EXCERPTED RECORDS START

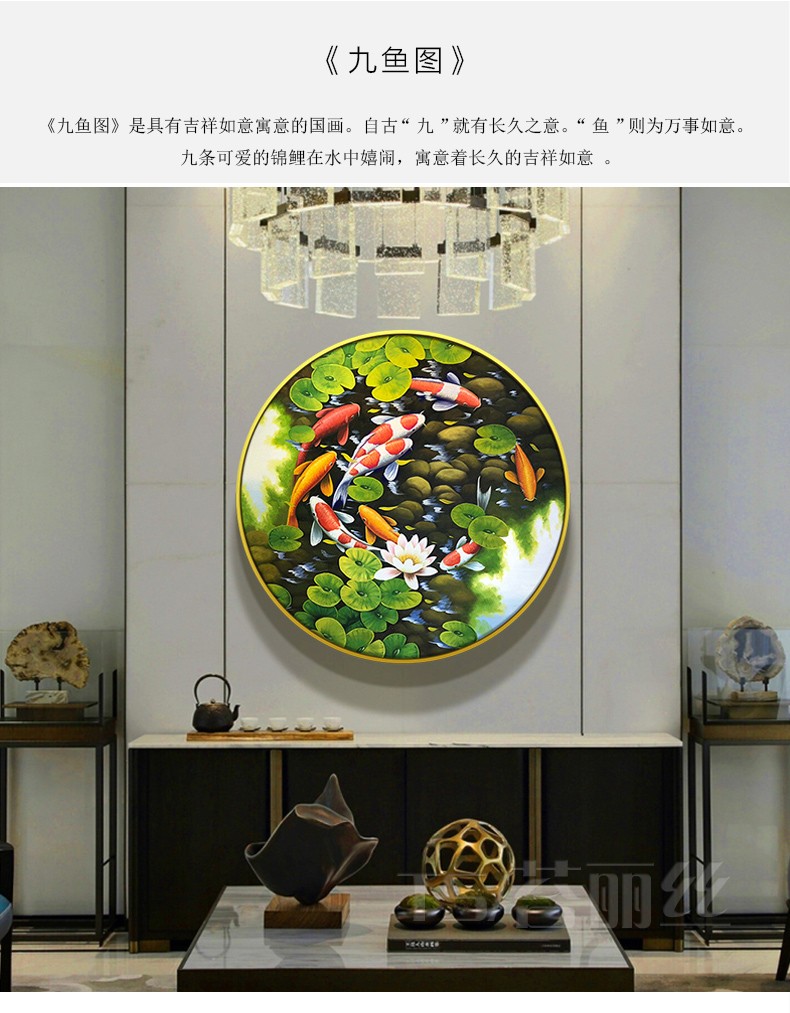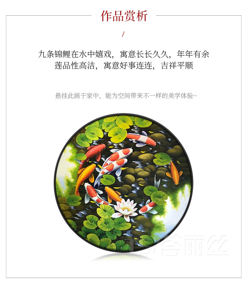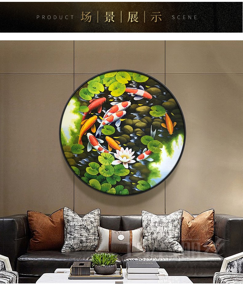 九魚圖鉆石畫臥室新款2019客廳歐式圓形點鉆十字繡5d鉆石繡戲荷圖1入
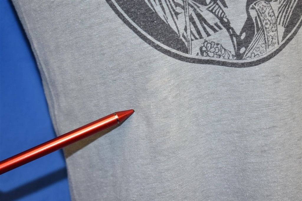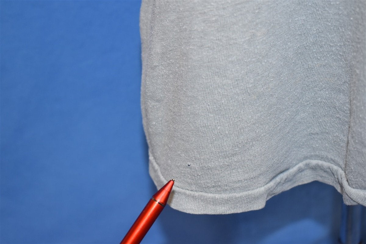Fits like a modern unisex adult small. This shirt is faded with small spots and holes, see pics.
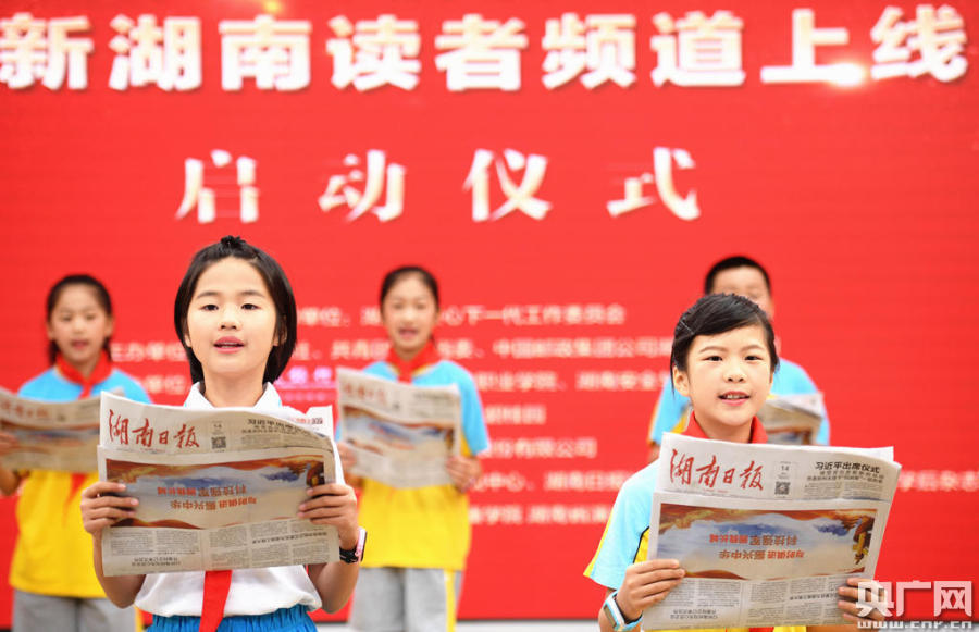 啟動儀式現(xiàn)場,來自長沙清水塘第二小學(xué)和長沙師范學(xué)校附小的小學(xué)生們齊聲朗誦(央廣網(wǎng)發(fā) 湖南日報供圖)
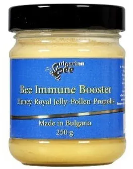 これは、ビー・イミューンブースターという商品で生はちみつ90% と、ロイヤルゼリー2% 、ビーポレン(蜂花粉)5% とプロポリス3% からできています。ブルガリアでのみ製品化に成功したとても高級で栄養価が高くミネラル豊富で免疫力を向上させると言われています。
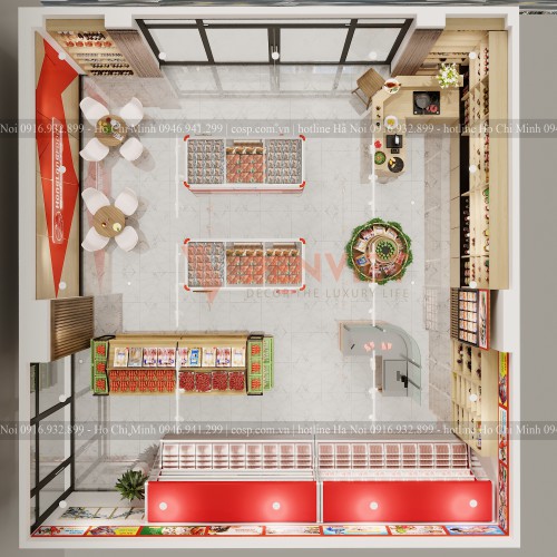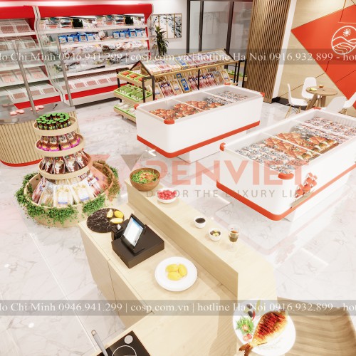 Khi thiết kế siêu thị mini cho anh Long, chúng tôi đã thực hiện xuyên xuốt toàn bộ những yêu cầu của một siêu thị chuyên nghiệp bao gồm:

EXCERPTED RECORDS END

Please output every record above exactly. Leave the pictures out.

--- ANSWER TO THE EXERCISE ---
 九魚圖鉆石畫臥室新款2019客廳歐式圓形點鉆十字繡5d鉆石繡戲荷圖1入
Fits like a modern unisex adult small. This shirt is faded with small spots and holes, see pics.
 啟動儀式現(xiàn)場,來自長沙清水塘第二小學(xué)和長沙師范學(xué)校附小的小學(xué)生們齊聲朗誦(央廣網(wǎng)發(fā) 湖南日報供圖)
 これは、ビー・イミューンブースターという商品で生はちみつ90% と、ロイヤルゼリー2% 、ビーポレン(蜂花粉)5% とプロポリス3% からできています。ブルガリアでのみ製品化に成功したとても高級で栄養価が高くミネラル豊富で免疫力を向上させると言われています。
 Khi thiết kế siêu thị mini cho anh Long, chúng tôi đã thực hiện xuyên xuốt toàn bộ những yêu cầu của một siêu thị chuyên nghiệp bao gồm:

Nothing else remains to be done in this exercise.